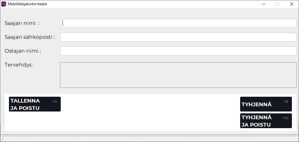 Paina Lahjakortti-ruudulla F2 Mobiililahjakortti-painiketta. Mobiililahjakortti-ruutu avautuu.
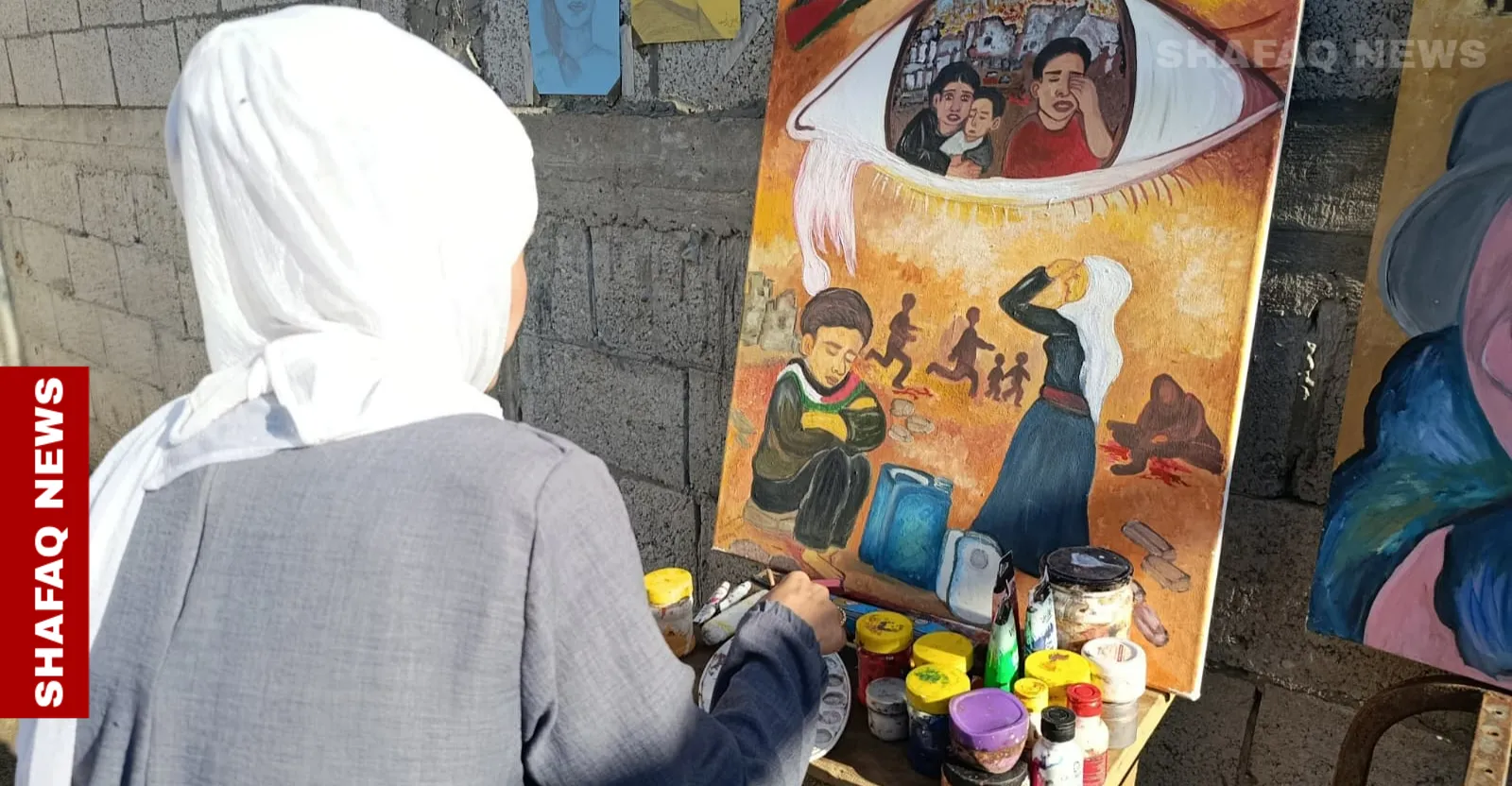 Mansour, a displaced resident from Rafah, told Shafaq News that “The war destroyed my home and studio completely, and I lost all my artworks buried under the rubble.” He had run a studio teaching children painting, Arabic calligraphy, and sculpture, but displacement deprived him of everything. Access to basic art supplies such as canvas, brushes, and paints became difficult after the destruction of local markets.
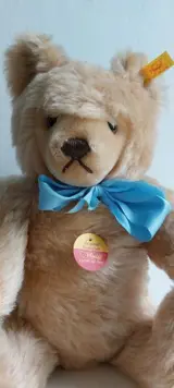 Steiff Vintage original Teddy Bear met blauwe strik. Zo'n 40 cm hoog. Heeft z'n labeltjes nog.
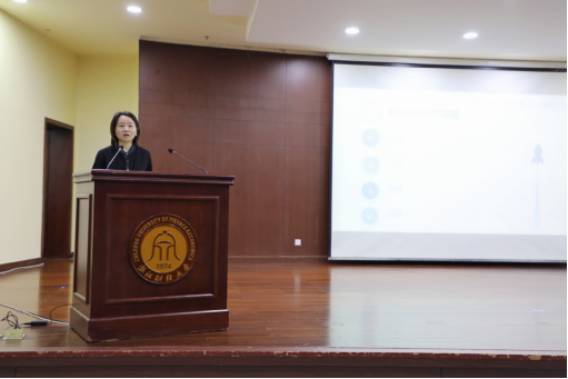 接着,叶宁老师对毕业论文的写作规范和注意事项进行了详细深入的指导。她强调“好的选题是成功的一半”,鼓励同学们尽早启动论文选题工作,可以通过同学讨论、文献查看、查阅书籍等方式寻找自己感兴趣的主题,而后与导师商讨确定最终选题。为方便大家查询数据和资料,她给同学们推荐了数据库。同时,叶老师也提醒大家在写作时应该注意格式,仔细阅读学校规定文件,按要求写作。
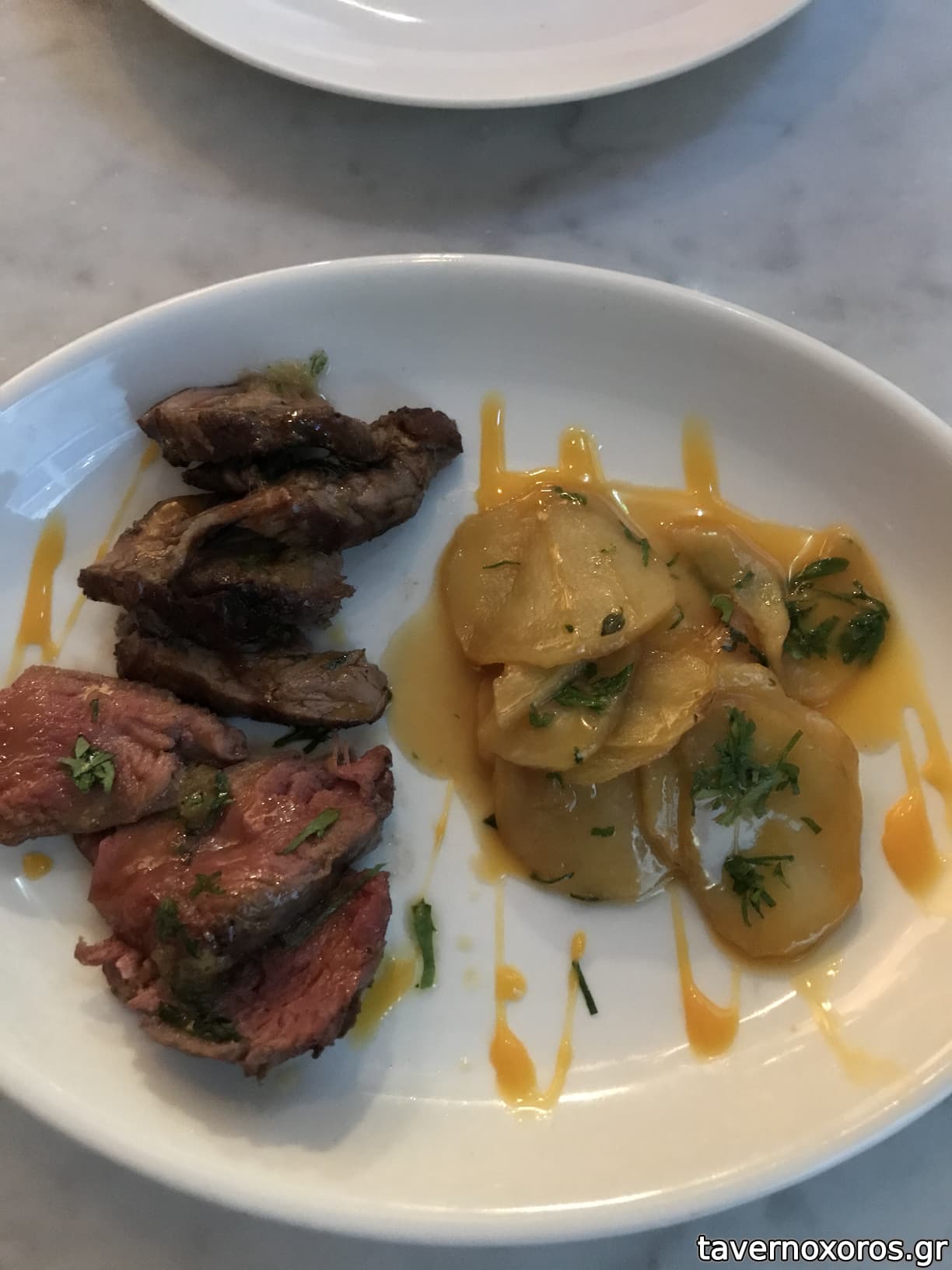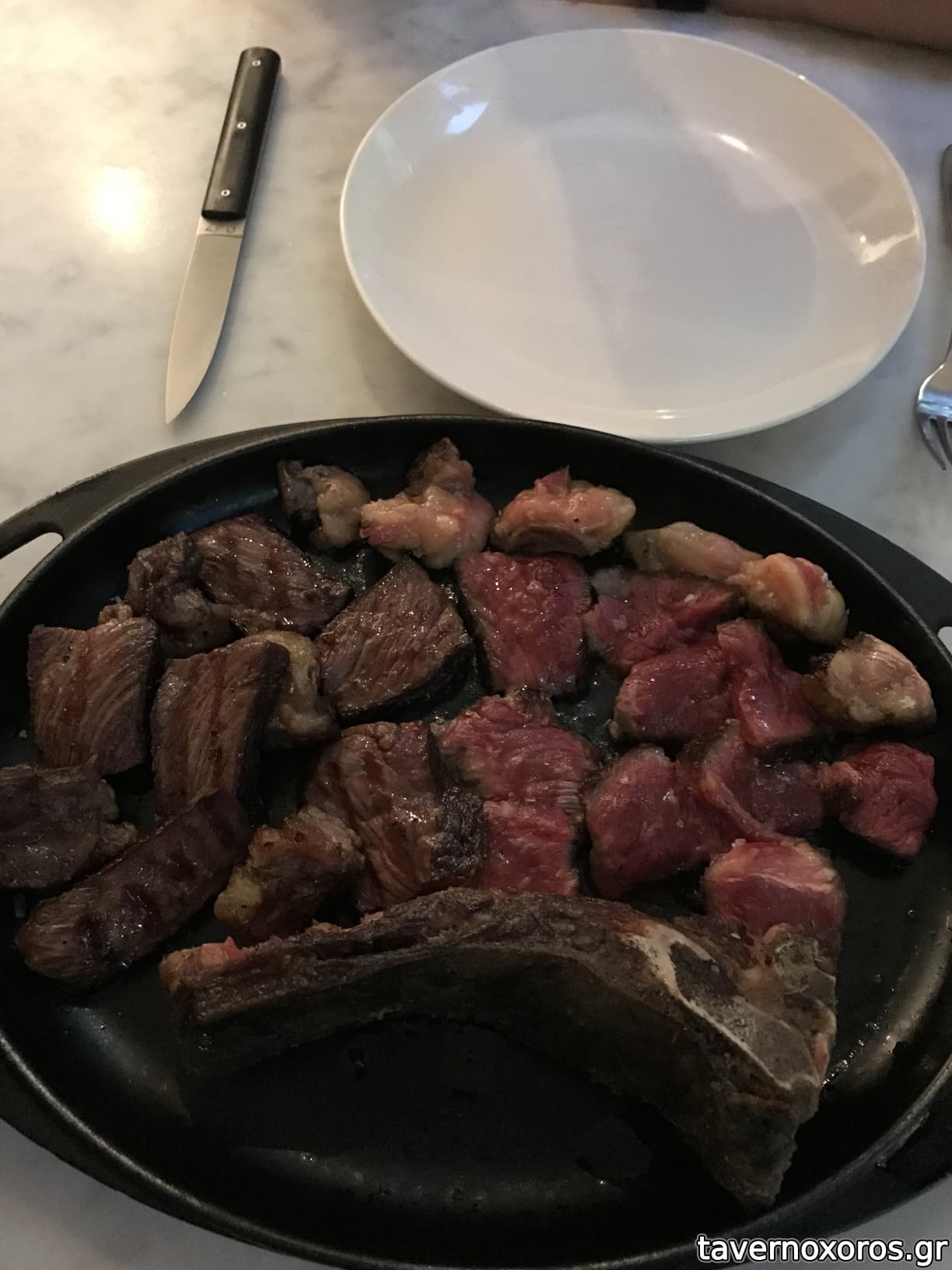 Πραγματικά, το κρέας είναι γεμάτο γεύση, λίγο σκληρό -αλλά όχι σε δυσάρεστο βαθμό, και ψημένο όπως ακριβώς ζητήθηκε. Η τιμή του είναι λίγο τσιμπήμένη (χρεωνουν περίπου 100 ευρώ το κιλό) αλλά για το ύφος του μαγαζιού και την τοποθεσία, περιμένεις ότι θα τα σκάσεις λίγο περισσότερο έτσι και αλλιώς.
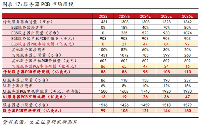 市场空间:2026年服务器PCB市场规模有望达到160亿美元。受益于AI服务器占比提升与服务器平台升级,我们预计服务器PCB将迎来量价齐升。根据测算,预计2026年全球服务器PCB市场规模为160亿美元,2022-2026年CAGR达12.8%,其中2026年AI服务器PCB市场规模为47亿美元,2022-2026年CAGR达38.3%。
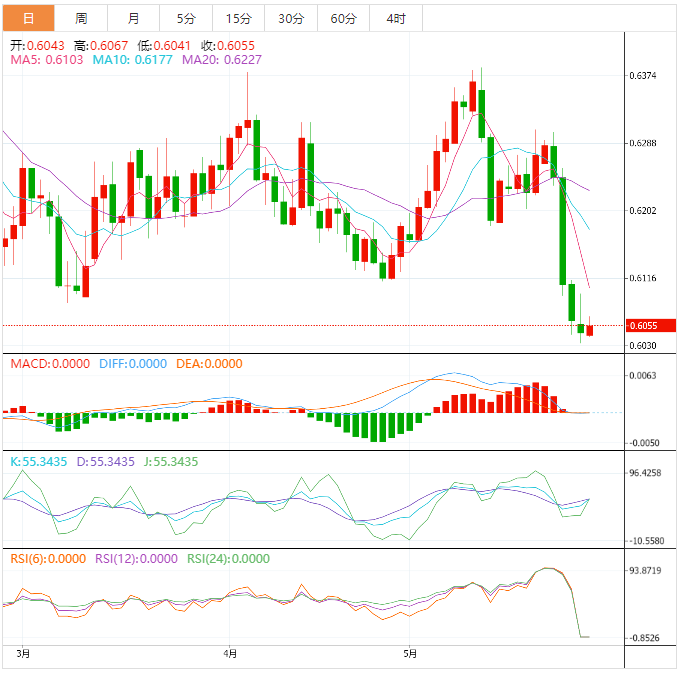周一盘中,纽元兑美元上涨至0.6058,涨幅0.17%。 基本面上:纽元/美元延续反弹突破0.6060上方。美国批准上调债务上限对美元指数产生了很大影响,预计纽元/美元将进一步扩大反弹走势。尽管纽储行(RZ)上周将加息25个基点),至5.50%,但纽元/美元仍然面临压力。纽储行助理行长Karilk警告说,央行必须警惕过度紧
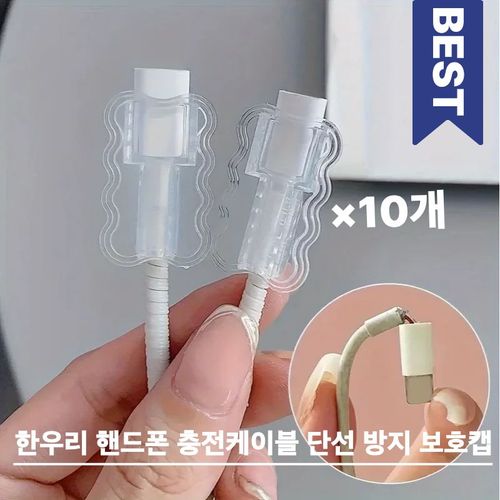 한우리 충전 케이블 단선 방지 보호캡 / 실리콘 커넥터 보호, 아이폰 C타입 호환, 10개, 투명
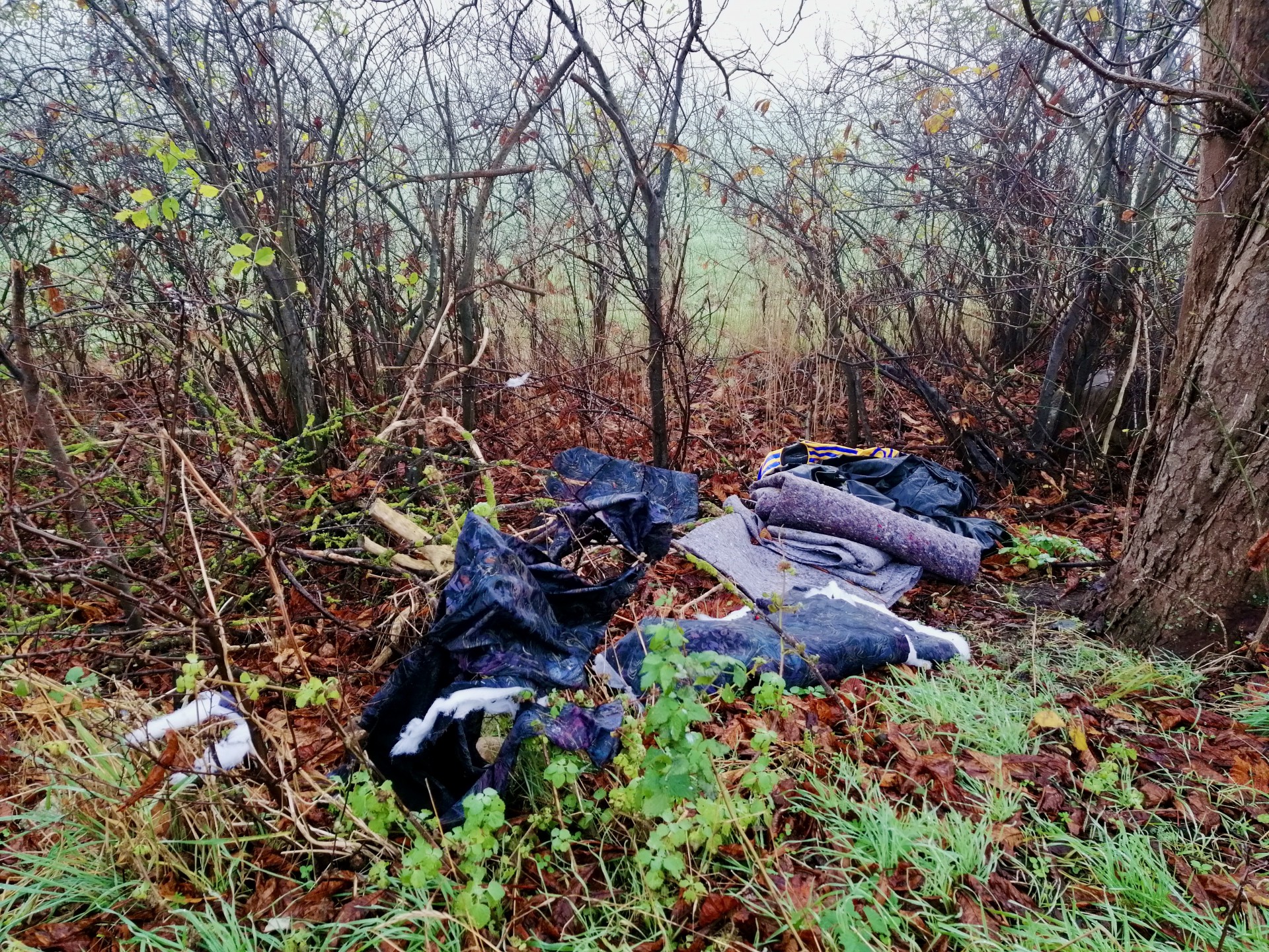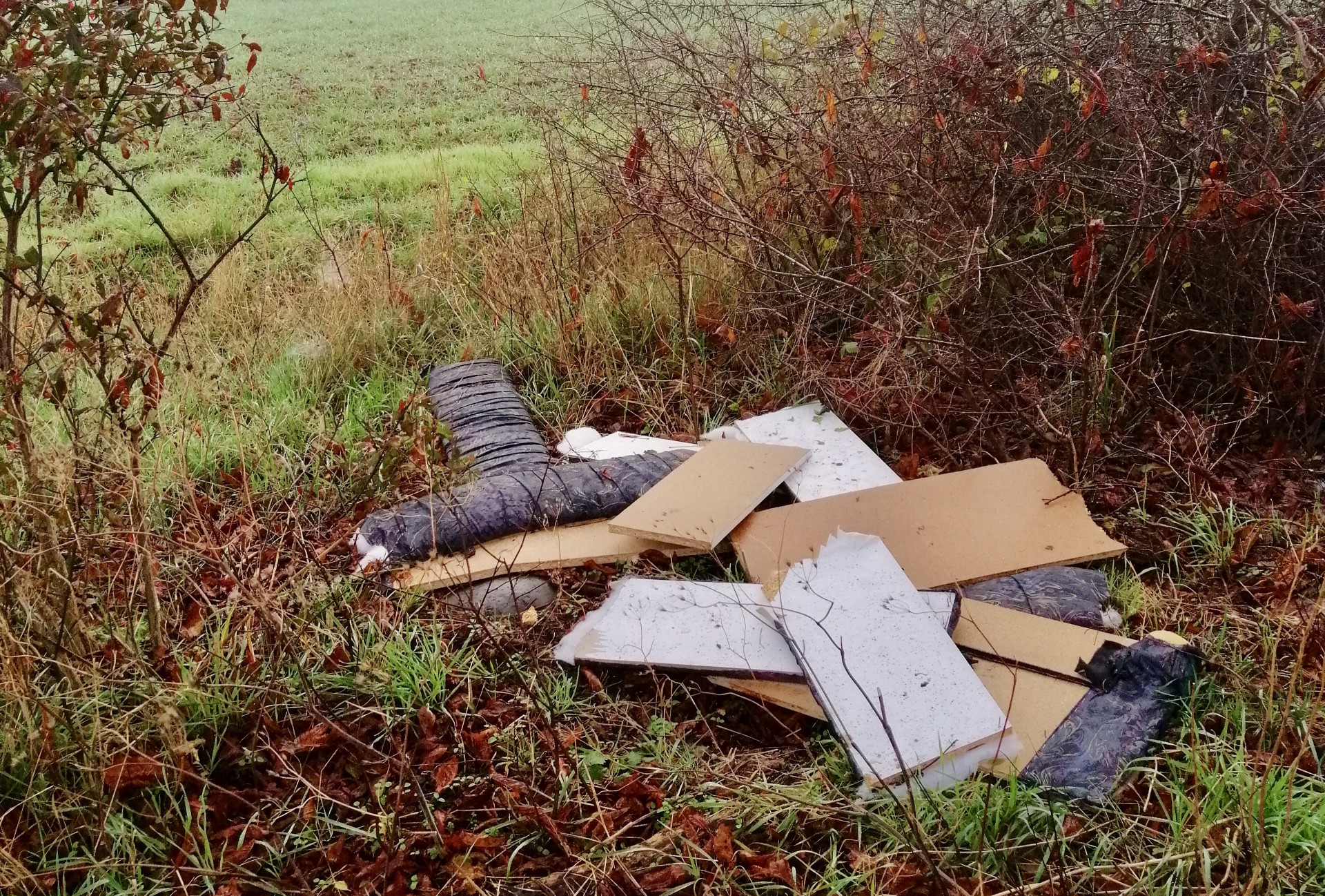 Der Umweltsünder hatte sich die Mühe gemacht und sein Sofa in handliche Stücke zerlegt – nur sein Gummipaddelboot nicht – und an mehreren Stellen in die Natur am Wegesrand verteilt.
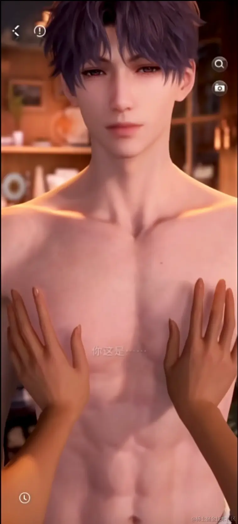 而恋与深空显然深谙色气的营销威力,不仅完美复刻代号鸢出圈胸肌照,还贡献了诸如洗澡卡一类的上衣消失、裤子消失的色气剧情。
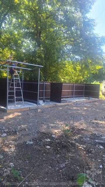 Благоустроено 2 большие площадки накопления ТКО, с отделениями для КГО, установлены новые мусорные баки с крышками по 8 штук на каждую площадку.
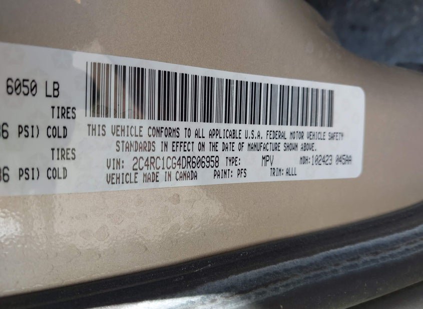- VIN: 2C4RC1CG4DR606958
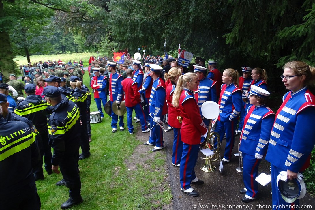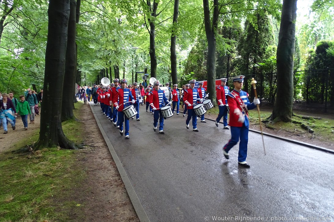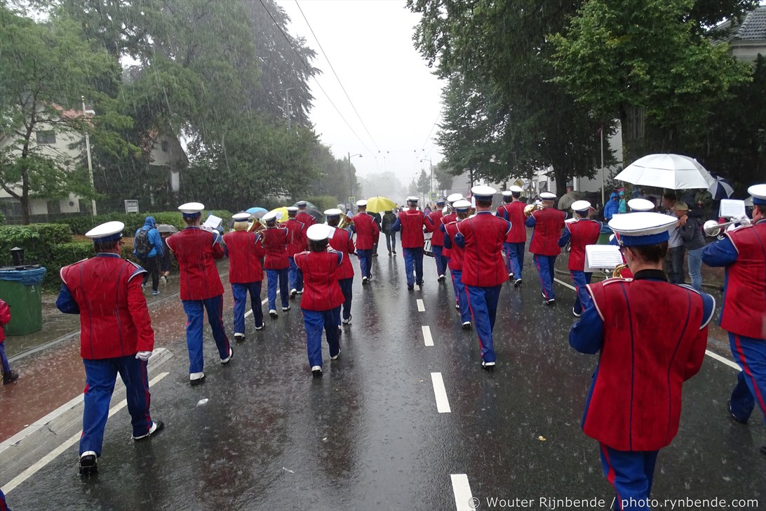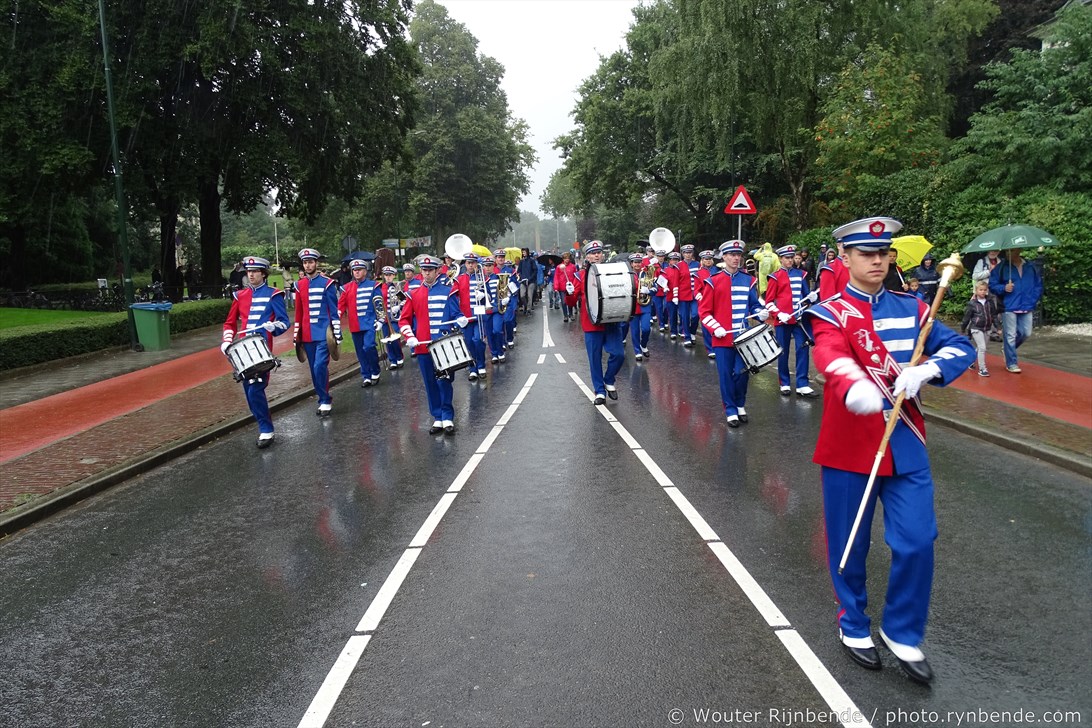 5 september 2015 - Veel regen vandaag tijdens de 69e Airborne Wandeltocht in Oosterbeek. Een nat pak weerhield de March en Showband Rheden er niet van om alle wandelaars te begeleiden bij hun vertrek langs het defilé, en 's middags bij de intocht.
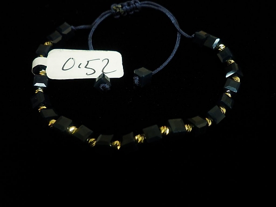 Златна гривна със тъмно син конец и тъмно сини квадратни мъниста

■ PROBLEM TO SOLVE: Repeat the lines above exactly, beginning with the one containing "Mansour, a displaced" and finishing with the one containing "接着,叶宁老师对毕业论文的写". No pictures belong in the copy.

■ ANSWER SPACE:
 Mansour, a displaced resident from Rafah, told Shafaq News that “The war destroyed my home and studio completely, and I lost all my artworks buried under the rubble.” He had run a studio teaching children painting, Arabic calligraphy, and sculpture, but displacement deprived him of everything. Access to basic art supplies such as canvas, brushes, and paints became difficult after the destruction of local markets.
 Steiff Vintage original Teddy Bear met blauwe strik. Zo'n 40 cm hoog. Heeft z'n labeltjes nog.
 接着,叶宁老师对毕业论文的写作规范和注意事项进行了详细深入的指导。她强调“好的选题是成功的一半”,鼓励同学们尽早启动论文选题工作,可以通过同学讨论、文献查看、查阅书籍等方式寻找自己感兴趣的主题,而后与导师商讨确定最终选题。为方便大家查询数据和资料,她给同学们推荐了数据库。同时,叶老师也提醒大家在写作时应该注意格式,仔细阅读学校规定文件,按要求写作。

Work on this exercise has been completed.